According to the oldest surviving version of the story, Zeus sent the rainbow goddess,
Iris, to coax Demeter back to Olympus. When this failed, Zeus the father sent all the
blessed gods to her [Demeter] in turn, and they came, one following another,
summoning her. But she firmly spurned all their attempts, for she declared she would
not set foot on sweet-smelling Olympus or bring forth fruit from the earth before she
looked upon her fair daughter again with her own eyes. When loud-thundering Zeus…
heard this, he sent Hermes… so that he might persuade Hades with gentle words to
allow him to lead chaste Persephone forth from the misty land of darkness to the
light… in order that her mother might behold her with her own eyes and cease her
bitter anger. (Homeric Hymn to Demeter 325–350)
A deal was struck in which Hades and Zeus agreed to allow Persephone to return to
the earth's surface on the condition that she ate nothing while in the Underworld.
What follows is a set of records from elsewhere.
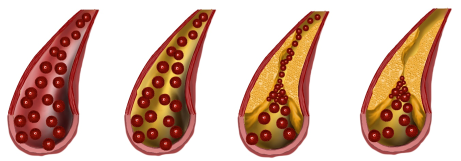 Nếu các động mạch chỉ bị hẹp ít, chưa đến một nửa, nghĩa là lòng một còn thông được tương đối, máu vẫn chảy dễ dàng, chưa có vấn đề gì. Nhưng nếu các mảng xơ vữa tiếp tục lớn lên, chít hẹp động mạch hơn, đến 60-70% thì dòng máu chảy bị kém đi, không đủ cung cấp cho cơ quan đích. Chẳng khác gì ống dẫn nước máy lâu ngày bị lắng đọng vôi, nước chảy yếu đi, lâu dần dẫn đến tắc hẳn.
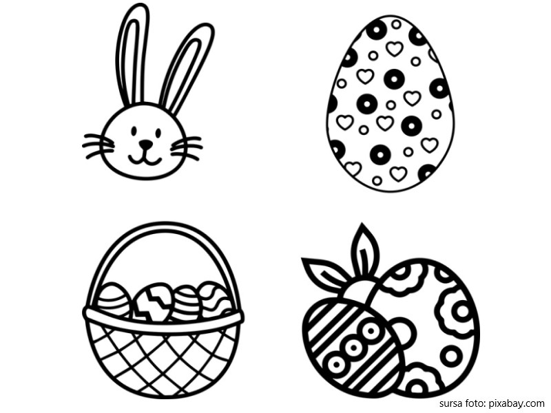 Descriere: Plansa de colorat cu iepurasul, cosul si ouale de Pasti.
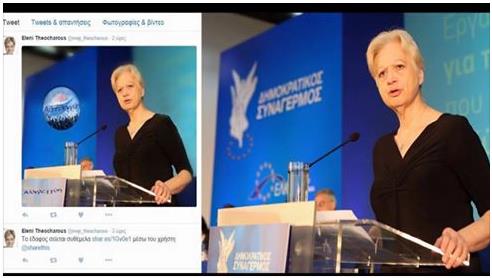 Σε καταγγελία για κλείσιμο του λογαριασμού στο Twitter, @EleniTheocharous_mep, που δημοσίευσε την φωτογραφία που την δείχνει να έχει περάσει από Photoshop φωτογραφία της από το βήμα του ΔΗΣΥ και να έχει προσθέσει τα σήματα του κινήματος Αλληλεγγύη, προχώρησε η Ελένη Θεοχάρους.
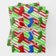 Dieses lustige, festliche Weihnachtsthema Umhüllungspapier Design zeigt verschiedene Muster von grünen, weißen und roten Streifen, zusammen mit rot, blau und grün Vorstellungen von Weihnachtsfeiertagen Strumpf. Umhüllungspapier wie dieses kann verwendet werden, wenn Geschenke umhüllt werden, die in der Weihnachtsfeier gegeben werden.
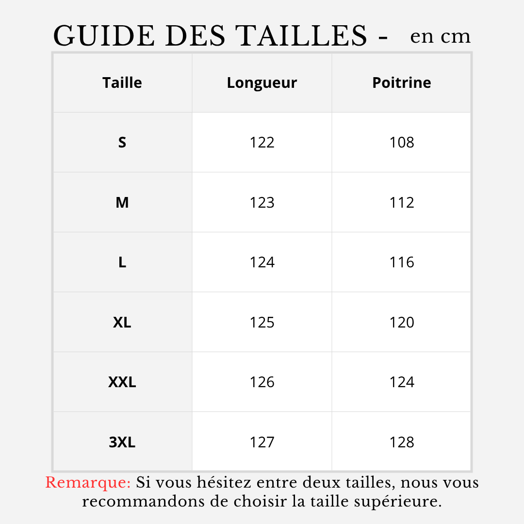 Remarque: Si vous hésitez entre deux tailles, nous vous recommandons de choisir la taille supérieure.
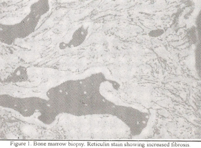 A 28 year old thin build man presented with generalized Weakness, weight loss and progressively increasing pallor since one and a half years. Two weeks before attending the medicine clinic, he developed low grade fever and also noticed a nodular swelling on left side of the neck, On exatnination, lie was found to have severe anaemia, hepatosplenomegaly and enlarged scalene lymph node on left side of the neck. Laboratoiy work up revealed Hb 3.0 gm/dl, a leukoeiythroblastic picture with many teal’ drop shaped red cells. The bone marrow aspiration was difficult and yielded a dry lap. Subsequent bone trephine biopsy revealed a cellular marrow with large number of mature and immature megakaryocytes and markedly increased marrow fibrosis which was confirmed by reticulin stain (Figure 1).
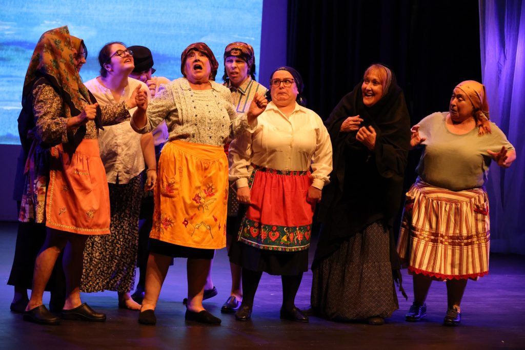 Todo o texto é representado por mulheres. A presença dos homens será apenas representada por objectos como botas, casacos, chapéus ou alfaias agrícolas.
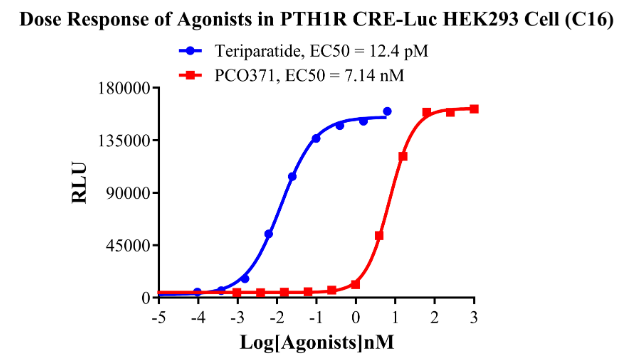 CHO、PTH1R CRE-Luc HEK293和PTH1R β-Arrestin CHO細(xì)胞篩選模型,產(chǎn)品驗證結(jié)果如下:
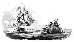 En janvier 1813, la frégate américaine USS Essex, sous le commandement du capitaine David Porter, partit pour l’océan Pacifique avec l’intention d’y harceler les navires britanniques. En effet, de nombreux baleiniers britanniques disposaient de lettres de marque qui les autorisaient à attaquer les baleiniers américains, ce qui avait quasiment détruit cette industrie. Afin de mettre fin à cette pratique, l’Essex poursuivit les baleiniers britanniques et leur infligea des dégâts considérables avant de se faire capturer au large de Valparaíso (Chili), le , par la frégate HMS Phoebe et le sloop HMS Cherub[49].
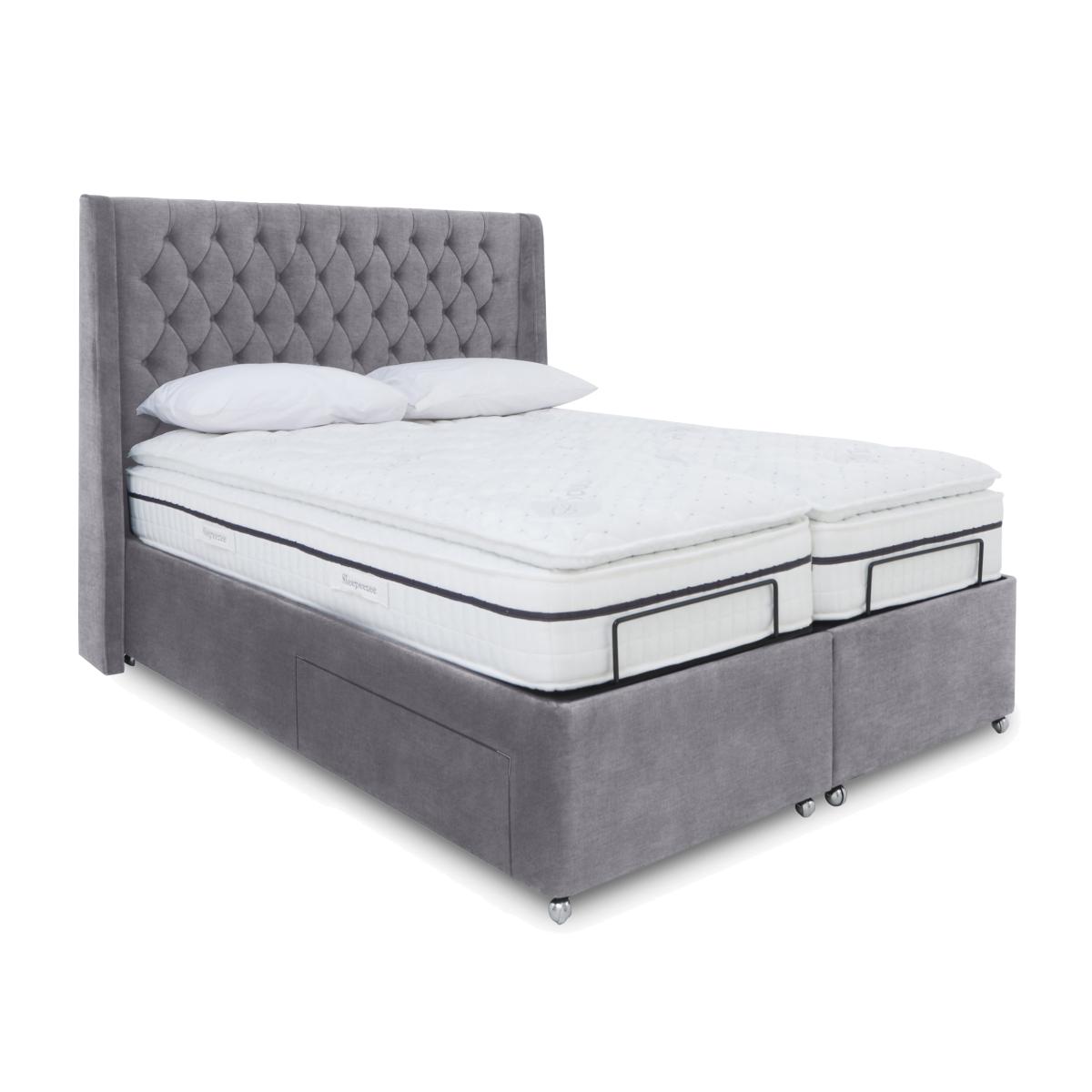 Statement bedroom style meets superb comfort in our Zen range of stunning adjustable divan bed bases. Each bed in the range comes complete with the most striking of headboards – tall, winged and with rows of buttoning for a glam twist on a classic look. Bases are electric powered and offer multi-position adjustability for complete comfort whether you’re sleeping or watching TV in bed. Zen divan bases come with optional drawers, ottoman storage and massage functionality and are available in a choice of sizes. The range also includes dual adjustable bases. Designed and handcrafted exclusively for Furniture Village, the Zen range is part of our E-Motion adjustable bed collection. This divan base looks fabulous – that tall and luxuriously buttoned headboard is a real showstopper – and it has a split base for two-person comfort control. Why you'll love it Find perfect comfort for better sleep with this dual-adjustable divan base. Includes our statement Zen headboard with traditional buttoning and winged sides. Dual base is electric powered for smooth and efficient movement. With 2 separate bed bases, you and your partner have individual control. A simple wireless handset makes this bed so easy to adjust. Use the handy memory function to quickly return to your favourite comfort position. There’s even a weightless-feel pre-set position for TV watching. This divan base promotes restorative sleep by minimising discomfort that might wake you up. Adjustable beds can also reduce back ache, improve blood circulation and reduce snoring. It’s ideal if you need a little help getting in and out of bed. An ethical choice – this divan base is made with FSC-sourced wood. With optional storage drawers in a range of configurations. In a wide selection of fashionable upholstery fabric options. Designed and handcrafted just for Furniture Village. Made in the UK. Also available with ultra-relaxing massage feature. This dual-adjustable divan base is part of our E-Motion range. What you need to know Mattress sold separately. To ensure bed base and mattress compatibility, consider a mattress from the E-Motion range. Please check the suitability of any mattress you are considering for this adjustable base. Available in king and super king sizes. Do not sit on this adjustable bed with the foot end in a raised position. Clean regularly using a soft brush or vacuum with the curtain attachment. Deal with any spills promptly. Professional cleaning advised for oil- and grease-based stains. Some fabrics can show wear on areas of more use or in direct sunlight. Shop our E-Motion range for a huge choice of bed frames, divan bases, massage beds, mattresses and more.

Unfortunately, the girl ate some pomegranate seeds; so Zeus decreed that thereafter
she could spend only part of the year on the surface with her mother and must dwell
the rest of the time with Hades in his kingdom. Demeter did not like this outcome, but
she finally accepted it and restored her blessings to humanity during the time that
Persephone was with her. For the months that Persephone spent at Mt. Olympus, crops
world grow and produce. When Persephone had to return to the underworld, crops
would die and nothing would grow. Thus, Demeter became the goddess of the
seasons. To teach people how to farm in a world where seasons were present, she
sent an Athenian youth, Triptolemus, to journey from place to place teaching people
the agricultural arts. And she also saw to it that her shrine at Eleusis had a proper
priesthood so it would thrive and attract many worshipers.
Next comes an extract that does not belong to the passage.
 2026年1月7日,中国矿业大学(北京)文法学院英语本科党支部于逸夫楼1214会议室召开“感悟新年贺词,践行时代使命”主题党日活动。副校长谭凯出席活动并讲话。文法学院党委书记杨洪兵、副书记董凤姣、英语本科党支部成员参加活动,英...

With this myth as their basis, the Eleusinian Mysteries did indeed thrive. The classical
Greeks celebrated Demeter's festival in September, in one ceremony reenacting the
goddess's loss of and ultimate reunion with her daughter. Demeter's cult also required
new members to undergo a secret initiation (hence the name Mysteries). Membership
was open to all, male or female, free or slave. New initiates first purified themselves by
bathing in the sea, then sacrificed a young pig. After that, they joined the other
members in a great procession in which they carried the “sacred objects” (stored in
the Eleusinion, a temple near the foot of the Acropolis in Athens) to Demeter's
sanctuary at Eleusis, about a twelve-mile walk. The nature of these objects was as
secret as the initiation itself. The festival's climax occurred in the sanctuary's initiation
hall, where apparently a cult leader revealed the sacred objects. This worship of
Demeter remained popular and active among generations of Greeks, and later a
number of Romans (who identified her with an Italian goddess, Ceres), until the
Christian Roman emperor Theodosius I suppressed the Mysteries in A.D. 393.